— Exercise prompt —
From the line with "- For Shot Production" to the line with "Shirt von Tizia", output every line below exactly, both ends included. Skip the pictures.

(Collected data)
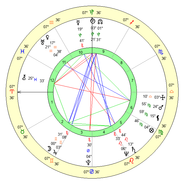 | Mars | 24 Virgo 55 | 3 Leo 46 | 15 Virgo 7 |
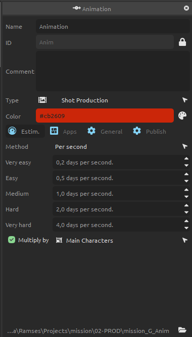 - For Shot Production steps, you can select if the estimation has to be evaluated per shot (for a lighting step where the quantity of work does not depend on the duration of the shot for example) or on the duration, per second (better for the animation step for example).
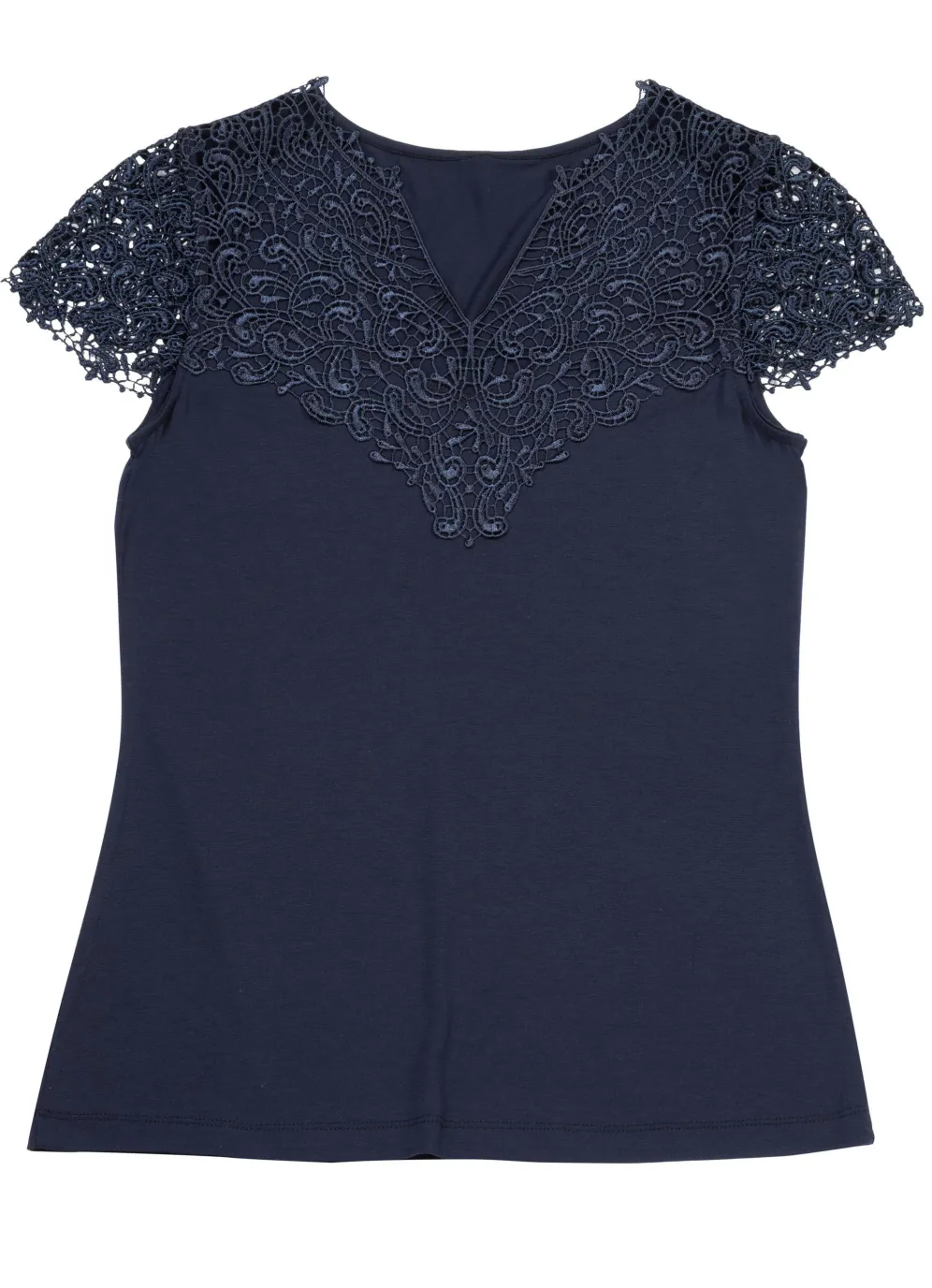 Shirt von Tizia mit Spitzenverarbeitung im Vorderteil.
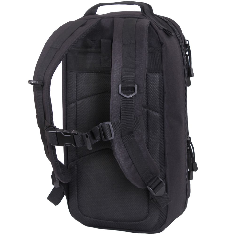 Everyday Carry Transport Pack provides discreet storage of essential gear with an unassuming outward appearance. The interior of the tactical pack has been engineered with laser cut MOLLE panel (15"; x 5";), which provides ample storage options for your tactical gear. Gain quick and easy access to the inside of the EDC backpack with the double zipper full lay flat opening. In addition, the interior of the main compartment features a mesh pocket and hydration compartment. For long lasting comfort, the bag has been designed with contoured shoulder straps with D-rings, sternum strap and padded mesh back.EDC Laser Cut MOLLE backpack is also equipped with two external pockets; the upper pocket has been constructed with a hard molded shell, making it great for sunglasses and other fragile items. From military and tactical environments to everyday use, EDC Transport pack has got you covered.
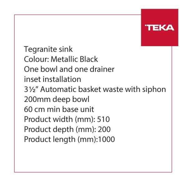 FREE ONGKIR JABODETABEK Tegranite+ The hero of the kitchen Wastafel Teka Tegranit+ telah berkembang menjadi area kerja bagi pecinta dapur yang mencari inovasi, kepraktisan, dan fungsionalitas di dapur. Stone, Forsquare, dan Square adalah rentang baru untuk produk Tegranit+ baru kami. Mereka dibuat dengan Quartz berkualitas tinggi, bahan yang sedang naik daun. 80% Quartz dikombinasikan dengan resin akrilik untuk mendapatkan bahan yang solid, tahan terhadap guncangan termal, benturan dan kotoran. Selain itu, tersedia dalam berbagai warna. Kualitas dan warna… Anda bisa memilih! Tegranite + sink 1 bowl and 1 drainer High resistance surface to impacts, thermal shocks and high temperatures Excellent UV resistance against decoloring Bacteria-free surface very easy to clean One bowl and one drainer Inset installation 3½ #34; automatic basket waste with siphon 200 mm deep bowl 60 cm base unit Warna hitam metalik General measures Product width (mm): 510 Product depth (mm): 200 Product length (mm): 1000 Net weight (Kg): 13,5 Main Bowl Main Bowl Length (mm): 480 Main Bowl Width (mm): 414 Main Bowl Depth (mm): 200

— Response box —
 - For Shot Production steps, you can select if the estimation has to be evaluated per shot (for a lighting step where the quantity of work does not depend on the duration of the shot for example) or on the duration, per second (better for the animation step for example).
 Shirt von Tizia mit Spitzenverarbeitung im Vorderteil.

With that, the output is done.